Trust model: read TRANSPARENCY.md. Every outbound request from this package goes through a single code path to a single host. The audit surface is well under 1,000 lines of TypeScript — you can read it end-to-end in one sitting.
Status: v0.1 — API shape is stable, installer tested on Claude Code / Cursor / Codex.
Install
Get your API key from https://studio.chaoscha.in/ then run:
# Claude Code
npx @chaoschain/mcp install claude --api-key ask_...
# Cursor
npx @chaoschain/mcp install cursor --api-key ask_...
# Codex CLI
npx @chaoschain/mcp install codex --api-key ask_...The installer writes to your IDE's MCP config file.
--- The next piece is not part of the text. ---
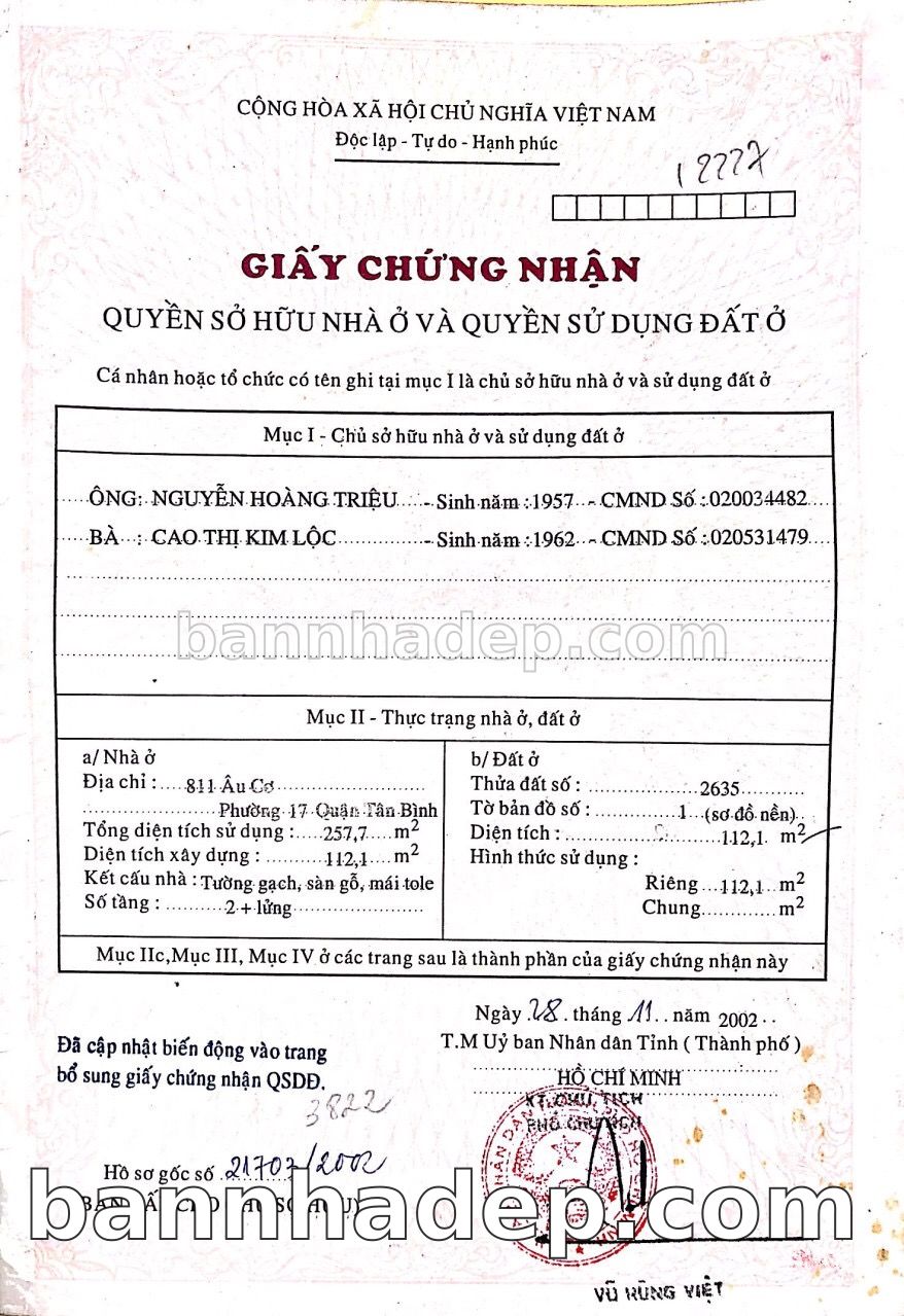 BÁN NHÀ Mặt tiền Số 811 Âu Cơ phường 01 quận Tân Bình TP. Hồ Chí Minh – GẦN CÔNG VIÊN GIẢI TRÍ – GIÁ TỐT Cần bán gấp nhà Mặt tiền tại Số 811 Âu Cơ phường 01 quận Tân Bình TP. Hồ Chí Minh – tiềm năng kinh doanh cao. Thông tin chi tiết: • Địa chỉ: Số 811 Âu Cơ phường 01 quận Tân Bình TP. Hồ Chí Minh • Diện tích: như trong sổ, không gian lý tưởng • Vị trí: Mặt tiền đường Âu Cơ, gần trung tâm thương mại lớn, khu vực sầm uất, tiềm năng kinh doanh cao • Pháp lý: Sổ hồng riêng, không tranh chấp, sẵn sàng giao dịch • Giá bán: Thoả Thuận (còn thương lượng với khách thiện chí) Lợi thế đặc biệt: • Vị trí trung tâm Quận Tân Bình • Giao thông thuận tiện, kết nối các quận trung tâm • Phù hợp kinh doanh dài hạn, ổn định • Khu vực sầm uất, tiềm năng kinh doanh tốt

No credentials are stored in prompts or source code — the API key lives only in the MCP client config the installer writes.
After install, your agent has 4 new tools grouped under worldline.
Tools
| Tool | Purpose |
|---|---|
| session_start | Open a new work session. Returns a session_id. |
| session_step | Append one step of work (research, decision, implementation, test result, …). Each step is hashed into a tamper-evident chain. |
| session_submit | Finalize the session and enqueue it for evaluation. Returns a job id; poll with session_status. |
| session_status | Read the current state of a session and all its steps. |
See TRANSPARENCY.md for the exact endpoint, request body, and response fields each tool maps to.
Environment
| Variable | Required | Purpose |
|---|---|---|
| WORLDLINE_API_KEY | yes | Bearer token, starts with ask_. The installer writes this into the IDE config; not read from your shell. |
Design principles
- One package, two modes.
npx @chaoschain/mcp install …runs as an installer; the same binary invoked by your IDE runs as a stdio MCP server. Same code, different entry path. - One outbound client. All HTTP goes through a single
src/client.ts. Easy to audit, hard to accidentally smuggle data through a side channel. - Zero prompt-side credentials. The key is configured once via the installer and lives in the IDE's MCP config. It never appears in tool descriptions or example prompts.
- Tool descriptions describe capability, not timing. No
"always call this first"/"prefer X over Y"instructions to the model. Orchestration is the client agent's job.
Development
npm install
npm run typecheck # tsc --noEmit
npm run smoke # in-process client↔server test (no network)
npm run build # compile src/ to dist/
npm run inspect # open the MCP Inspector against this server
npm run dev # run bin.ts directly via tsxThe smoke test connects a Client to the server via InMemoryTransport,
lists tools, exercises one stubbed handler, and confirms Zod validation
rejects malformed args. It does not hit the network.